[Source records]
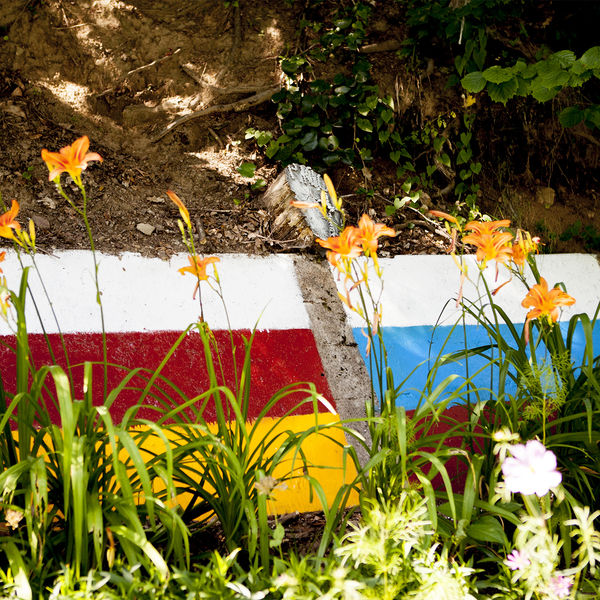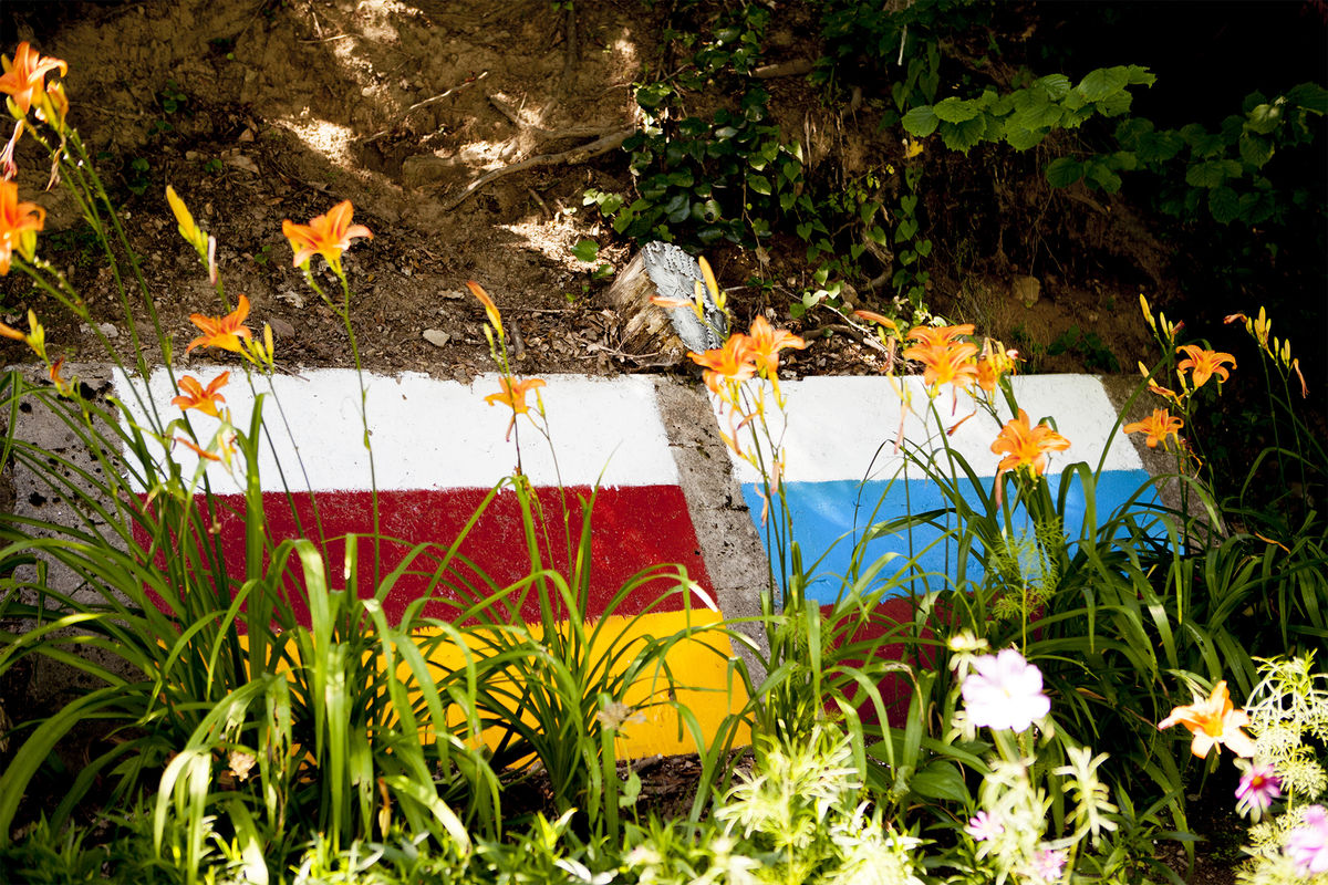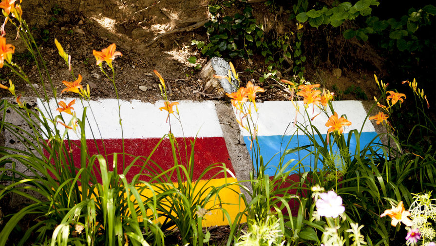 Нарисованные флаги Осетии и России на камнях оздоровительного комплекса «Нагутни» в Южной Осетии, 2017 год
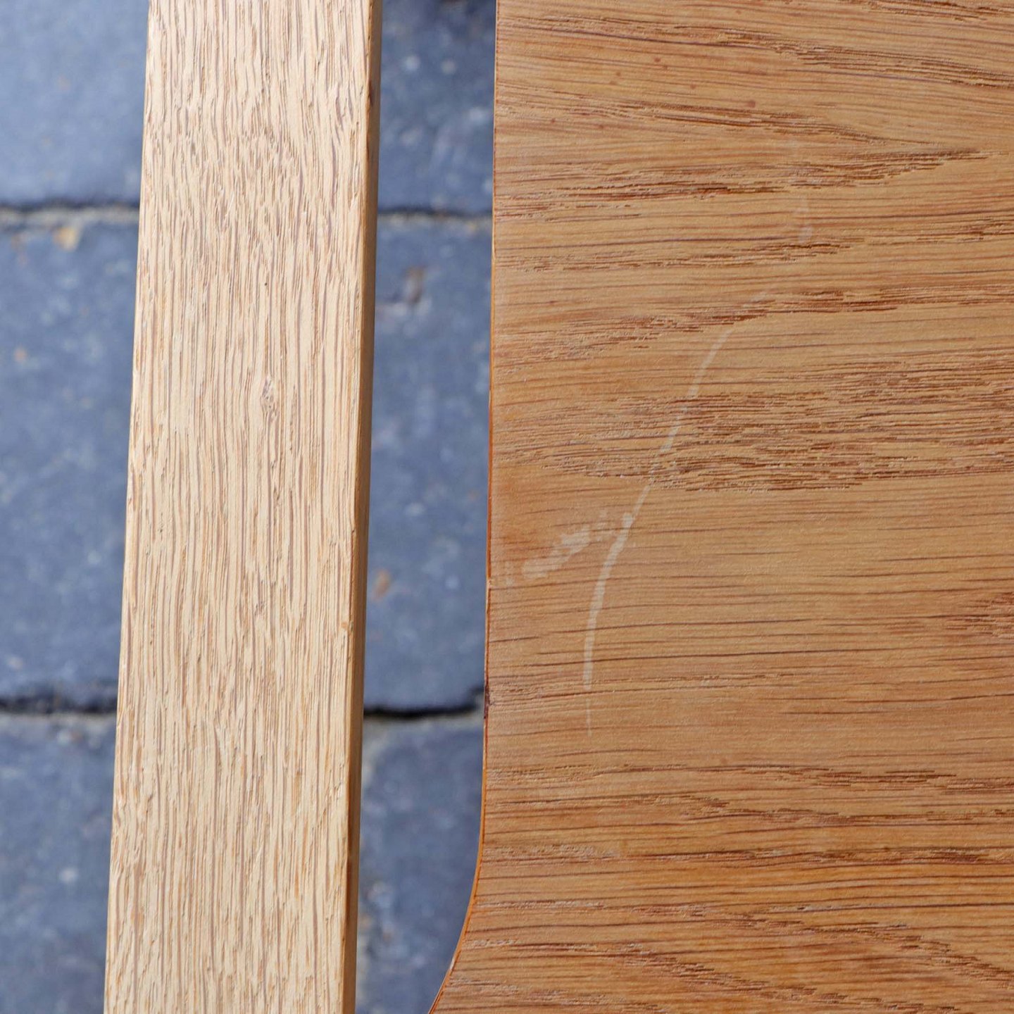 Stel i mat lakeret egetræ og hynder med beigefarvet læder
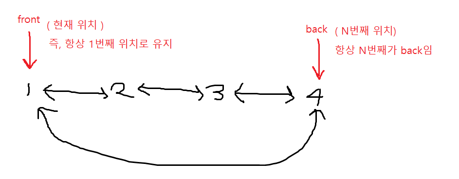 항상 back(맨뒤)가 1~N개중 N번째로 되게 연산을 진행하면 됩니다.
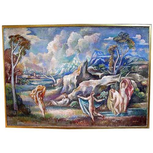 Bathing Nymphs signed ?Harriton? (lower right) oil on canvas (laid out on board) Large impressionist ?Bathing Nymphs? female nudes landscape painting, with a paper label title on the verso. Abraham Harriton is a listed artist who uses bright iridescent tones to purvey the happy mood of nudes gaily bathing and dancing in and around a pond in the midst of a surrealist landscape with blowing trees, clouds, and mountains. Size: 35 x 50 inches (painting), 39in. x 54in. (frame).
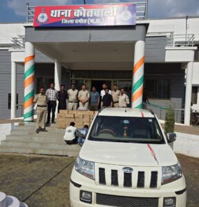 पुलिस अधीक्षक के निर्देश पर जिलेभर में अवैध शराब के परिवहन और बिक्री के खिलाफ अभियान चलाया जा रहा है। इसी क्रम में 22 मार्च 2026 को कोतवाली थाना प्रभारी निरीक्षक मनीष कुमार के नेतृत्व में पुलिस टीम को मुखबिर से सूचना मिली कि जबलपुर बायपास स्थित ठाकुर बाबा मंदिर के पास एक वाहन में अवैध शराब ले जाई जा रही है।
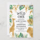 Este convite para chás de fraldas, chamado "selvagem", contém folhas falsas de ouro (girafa, leão e macacos), folhagem dourada e selva verde, e uma aspersão de confete de ouro sobre fundo branco. Adicione o nome da futura mãe e os detalhes do chá em texto preto. Um padrão de folhagem em verde e dourado em fundo branco decora a parte de trás da carta.
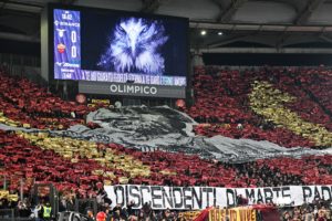 La Curva Sud, durante il derby tra Lazio e Roma valido per la dodicesima giornata di Serie A, ha esposto una coreografia per la stracittadina. “Discendenti di Marte. Padroni della storia” recita lo striscione esposto dal cuore del tifo giallorosso, con il Dio della Guerra e i sette colli romani raffigurati.

Problem: Retype the whole of the data verbatim. Skip every picture.

Solution for this problem:
 Нарисованные флаги Осетии и России на камнях оздоровительного комплекса «Нагутни» в Южной Осетии, 2017 год
 Stel i mat lakeret egetræ og hynder med beigefarvet læder
 항상 back(맨뒤)가 1~N개중 N번째로 되게 연산을 진행하면 됩니다.
 Bathing Nymphs signed ?Harriton? (lower right) oil on canvas (laid out on board) Large impressionist ?Bathing Nymphs? female nudes landscape painting, with a paper label title on the verso. Abraham Harriton is a listed artist who uses bright iridescent tones to purvey the happy mood of nudes gaily bathing and dancing in and around a pond in the midst of a surrealist landscape with blowing trees, clouds, and mountains. Size: 35 x 50 inches (painting), 39in. x 54in. (frame).
 पुलिस अधीक्षक के निर्देश पर जिलेभर में अवैध शराब के परिवहन और बिक्री के खिलाफ अभियान चलाया जा रहा है। इसी क्रम में 22 मार्च 2026 को कोतवाली थाना प्रभारी निरीक्षक मनीष कुमार के नेतृत्व में पुलिस टीम को मुखबिर से सूचना मिली कि जबलपुर बायपास स्थित ठाकुर बाबा मंदिर के पास एक वाहन में अवैध शराब ले जाई जा रही है।
 Este convite para chás de fraldas, chamado "selvagem", contém folhas falsas de ouro (girafa, leão e macacos), folhagem dourada e selva verde, e uma aspersão de confete de ouro sobre fundo branco. Adicione o nome da futura mãe e os detalhes do chá em texto preto. Um padrão de folhagem em verde e dourado em fundo branco decora a parte de trás da carta.
 La Curva Sud, durante il derby tra Lazio e Roma valido per la dodicesima giornata di Serie A, ha esposto una coreografia per la stracittadina. “Discendenti di Marte. Padroni della storia” recita lo striscione esposto dal cuore del tifo giallorosso, con il Dio della Guerra e i sette colli romani raffigurati.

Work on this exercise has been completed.